We measured a top speed of 2,883MB/s read and 2,634MB/s write on the R4, putting it well in the lead over the ioDrive Duo in both repeating and incompressible data tests. Read speed actually outperformed by 83MB/s, although write speeds came up short by 166MB/s.
Our next test looks at random large-block transfers, but still keeping the 2MB transfer size. Given the lack of internal moving parts on SSDs, these values don't change much beyond our sequential transfer test.
In the random 2MB transfer test the OCZ Z-Drive R4 still managed an impressive 2,836MB/s read and 2,613MB/s write over the ioDrive Duo's 1,528MB/s read and 1,017MB/s write.
Our next test looks at both low queue-depth 4K random read/write as well as peak queue-depth figures for all of the PCI-e SSDs we have tested in our lab.

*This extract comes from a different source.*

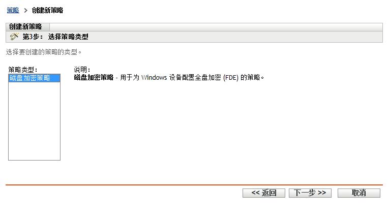 在“选择策略类型”页中,选择磁盘加密策略,然后单击下一步。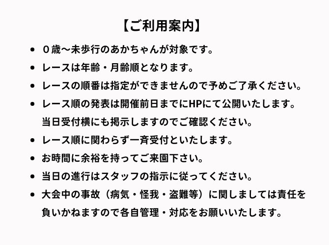 レースは年齢・月齢順となります。レースの順番は指定ができませんので予めご了承ください。

At a QD=4 starting point, the ioDrive Duo had a near 100% lead over the Z-Drive R4. don't be too quick to call out a leader yet though, since the Z-Drive R4 is only getting warmed up at this point. In the 4K MAX IOPS chart below, the R4 more than doubled the top performance of the ioDrive Duo with a peak speed of 308K IOPS read and 297K IOPS write versus just 116K IOPS read and 225K IOPS write.

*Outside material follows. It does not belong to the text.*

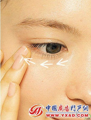 2.用手指沿剪头方向轻轻将遮瑕膏拍开后,再轻微涂抹,使遮瑕膏更加均匀、服帖。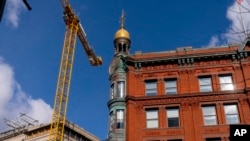 2022年2月14日是佛州帕克兰校园枪击案四周年日。在华盛顿白宫对面的西北区第15街和宾夕法尼亚大道,一名帕克兰枪击受害者的父亲爬上一架建筑起重机。(美联社)

One interesting area to look at with the OCZ Z-Drive R4 is how fast its random 4K performance is at the peak QD=64 load (QD=265 with manager/worker spread). You might first ask yourself why it only topped out at 300k... well the answer is it was so fast it reached the upper limit of what the Intel Core i5-2300 processor in our Intel test rig could handle. With a single drive finally being able to push the limits of our test rig hardware, we now have plans in the works for a new enterprise-class rig for high-end equipment like the Z-Drive in future testing.
Given the strong QD=4 performance of the ioDrive Duo, it wasn't a surprise to see lower latency figures than the Z-Drive R4 in our chart. The differences in peak latency can probably be chalked up to NAND and controller differences, especially with the R4 having eight SandForce processors to sync together compared to just two controllers on the ioDrive Duo.
We also decided to show CrystalDiskMark results on each of these drives testing with randomized data. This type of benchmark is clearly not the optimal test to perform on an enterprise SSD that thrives in a multi-threaded environment, but it is still fun to use when comparing results to client drives.
The next half of our synthetic benchmarks are ramped tests, covering performance from early queue depth levels to either a max of 64 (QD=256) or 128 (QD=512). This section also includes our server profile tests, which from the start are designed to show how well enterprise products perform under demanding mixed server loads.
The difference between the Z-Drive R4 and ioDrive Duo become very apparent in the expanded random 4K read and write test. At the lower queue depth ranges the Duo is above the R4, although the crossing point where the R4 comes out on top is at or during the switch from QD=2 to QD=4. After that point the R4 quickly ramps up to its top recorded speed.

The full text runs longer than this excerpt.